■ **TASK TO COMPLETE**: Since the pictures are not wanted, copy only the text of every record exactly.

■ **SOURCE INFORMATION**:

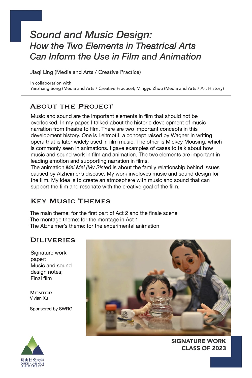 My SW project is about the use of sound and music to narrate stories in film and animation. Having a history in theatrical arts, the use of sound and music should not be overlooked in film production. They are important elements to support the emotions of stories. In my team project animation film Mei Mei (My Sister), I mainly work on music and sound design. The film is about Alzheimer’s disease, so music and sound play an important role in establishing emotions.
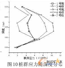图 8 反映了桩应力沿深度变化,其中 1 号与 6 号桩的应力沿深度的先变大,到达桩长3/5 处应力达到较大,值为 10×106Pa,然后又减小;2 号、4 号、7 号桩的变化规律是一致的,先增大,随后又变小,又增大,达到较大,在桩深的 3/4 处,约为 5.0×106 Pa,较后又减小,其中 4 号、7 号桩的应力分布几乎一样。另外,1 号与 6 号桩的应力通长大于其它桩,群桩的 3/4 处往下的应力大小和分布几乎是一样的。通过分析可知,微群桩位置 1 号与 6 号的边桩应力比较大,较大值发生在约为桩长的 3/5 处,可以考虑在施工中采用强度比较高的混凝土来制作这些位置的桩体;桩端的应力比较小,而桩的中间部位附近的应力比较大,在设计中有必要重点考虑这些部位。另外,边桩的应力大于中间桩的应力。图 9 反映了桩身摩阻力分布,群桩的摩阻力分布形式几乎是一致的,但是摩阻力的值却很小,数量级为 10-12Pa,这说明了微群桩复合地基上部荷载不是通过摩阻力传递的,而是基本是通过桩身传递,微桩是承受上部荷载的主体。
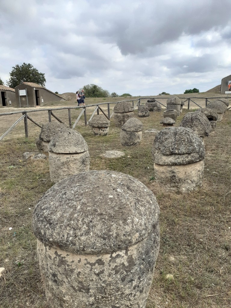 Tombe a funghetto nella necropoli etrusca di Tarquinia. (Mushroom-shaped tombs in the Etruscan necropolis of Tarquinia.)
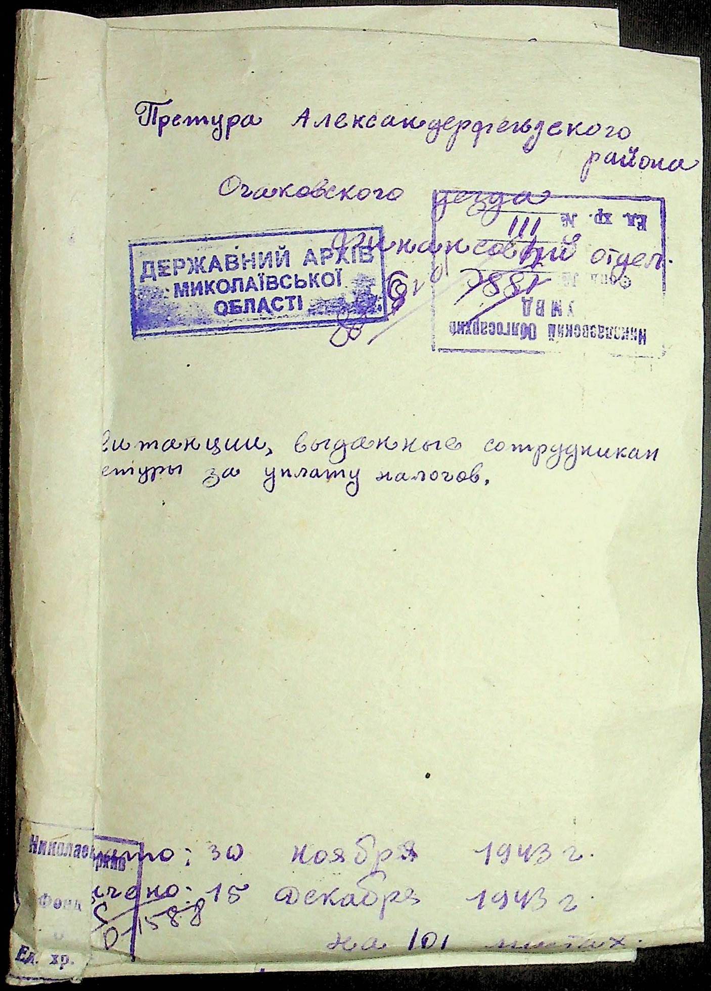 ◦ ◦ Фонд № Н-1588 “Претура Александерфельдського району Очаківського повіту”
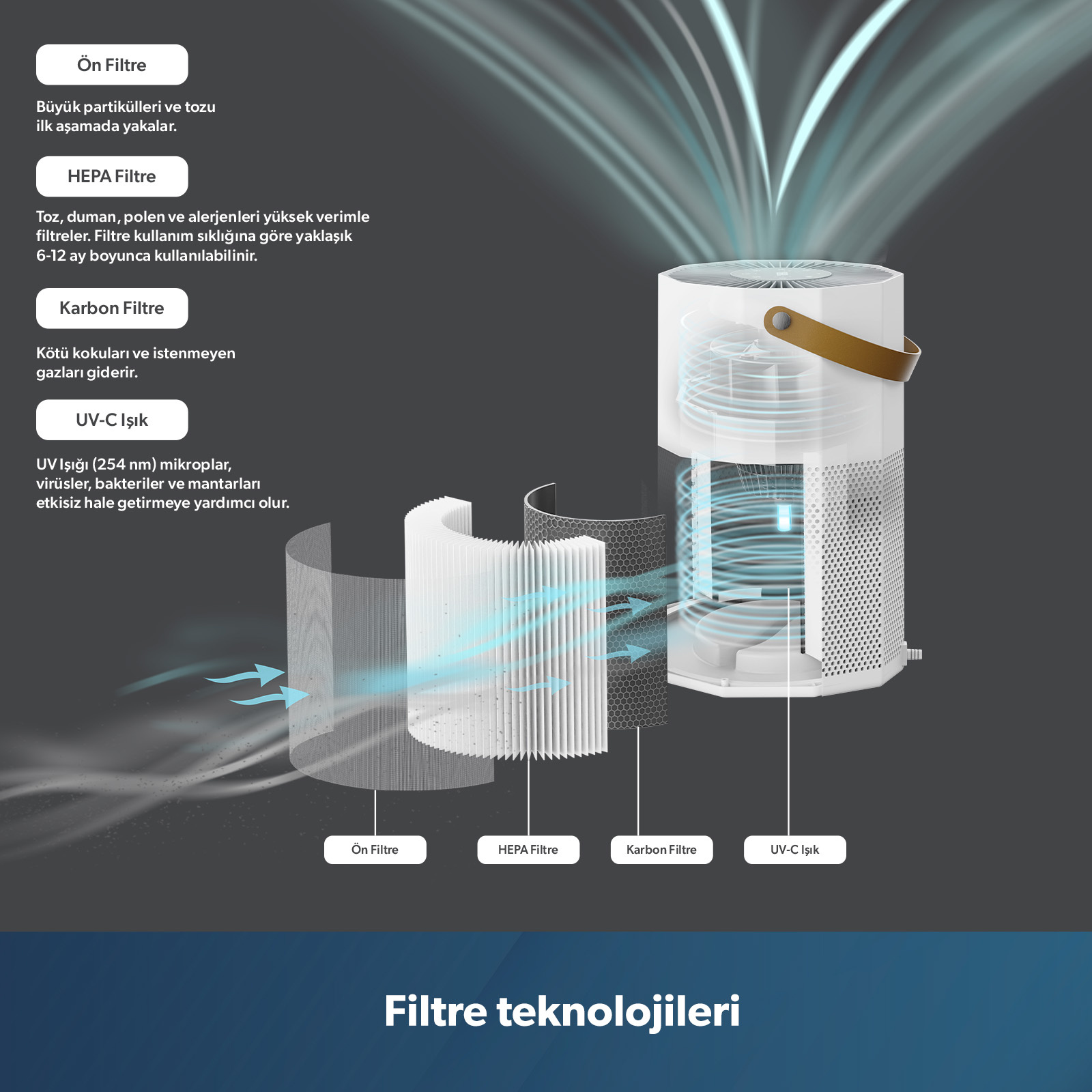 - Filtreleme Sistemi: Ön Filtre + HEPA + Aktif Karbon + UV-C + İyonizer

■ **TASK RESULT**:
 My SW project is about the use of sound and music to narrate stories in film and animation. Having a history in theatrical arts, the use of sound and music should not be overlooked in film production. They are important elements to support the emotions of stories. In my team project animation film Mei Mei (My Sister), I mainly work on music and sound design. The film is about Alzheimer’s disease, so music and sound play an important role in establishing emotions.
图 8 反映了桩应力沿深度变化,其中 1 号与 6 号桩的应力沿深度的先变大,到达桩长3/5 处应力达到较大,值为 10×106Pa,然后又减小;2 号、4 号、7 号桩的变化规律是一致的,先增大,随后又变小,又增大,达到较大,在桩深的 3/4 处,约为 5.0×106 Pa,较后又减小,其中 4 号、7 号桩的应力分布几乎一样。另外,1 号与 6 号桩的应力通长大于其它桩,群桩的 3/4 处往下的应力大小和分布几乎是一样的。通过分析可知,微群桩位置 1 号与 6 号的边桩应力比较大,较大值发生在约为桩长的 3/5 处,可以考虑在施工中采用强度比较高的混凝土来制作这些位置的桩体;桩端的应力比较小,而桩的中间部位附近的应力比较大,在设计中有必要重点考虑这些部位。另外,边桩的应力大于中间桩的应力。图 9 反映了桩身摩阻力分布,群桩的摩阻力分布形式几乎是一致的,但是摩阻力的值却很小,数量级为 10-12Pa,这说明了微群桩复合地基上部荷载不是通过摩阻力传递的,而是基本是通过桩身传递,微桩是承受上部荷载的主体。
 Tombe a funghetto nella necropoli etrusca di Tarquinia. (Mushroom-shaped tombs in the Etruscan necropolis of Tarquinia.)
 ◦ ◦ Фонд № Н-1588 “Претура Александерфельдського району Очаківського повіту”
 - Filtreleme Sistemi: Ön Filtre + HEPA + Aktif Karbon + UV-C + İyonizer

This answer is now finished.